'The Anglosphere’s far-Left has neatly pivoted from the infantilisation of black people to the Palestinian cause' (Stephanie Keith/Getty Images)

Another day, another opportunity for huffy, hypocritical “progressive” posturing. PEN America has now been forced to cancel its World Voices literary festival in New York and LA, on the heels of also cancelling its 2024 awards ceremony. Too many authors had withdrawn from both events to make going ahead with staging either practicable. The reason for so many writers flouncing from these programmes? PEN’s failure to publicly denounce Israel’s “genocide” in Gaza. But you had probably guessed the point of indignation already, because as of October 2023, the Anglosphere’s far-Left has neatly pivoted from the infantilisation of black people to the Palestinian cause with the coordinated grace of a synchronised swimmer.

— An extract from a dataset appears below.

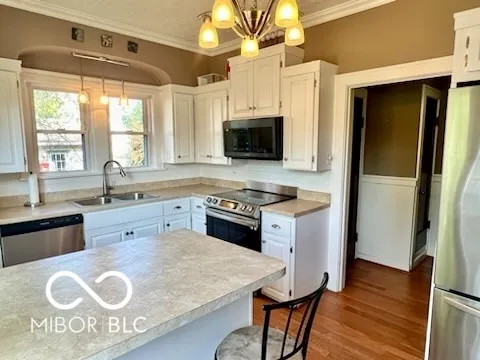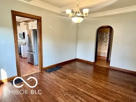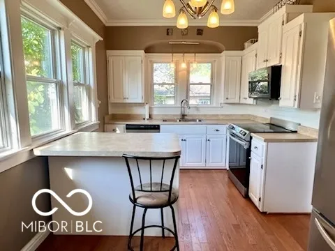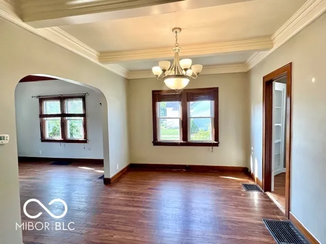 Few minutes away from Donner Park, Noblitt Park, and downtown Columbus, Franklin Street is easily accessible. Over 2000 square feet total, which includes a finished basement with a bonus room/3rd bedroom, rec room, a new full bathroom, newer vinyl windows, and plenty of room for storage. Historic features include tall ceilings, hardwood floors, archways, crown molding, and a beautiful formal dining room with a beamed ceiling. Updated 10×16 kitchen. Enjoy the outdoors with the covered front porch and open patio in the large (for downtown), privacy-fenced backyard. The modern 2-car garage (built in 2004) has electric and an overhead door opener. Newer vinyl windows throughout; convenient attic storage; all kitchen and laundry appliances remain; immediate possession.

To clarify: the purpose of PEN is to defend freedom of speech and to protect writers from political oppression and persecution. It makes perfect sense, therefore, that a significant cadre of its membership would seek to stifle freedom of speech and engage in political oppression and persecution. Or: we’re all for free speech so long as you say what we tell you. These folks are athletes. It requires considerable intellectual acrobatics for Writers Against the War on Gaza to regard the shutting down of events to advance free expression as “a win for free expression”. Presumably, the fact that a number of withdrawals from both occasions were motivated by fear of being attacked by a mob of pro-Palestinian zealots is also “a win for free expression”. PEN itself stated its concern “about any circumstance in which writers tell us they feel shut down, or that speaking their minds bears too much risk”.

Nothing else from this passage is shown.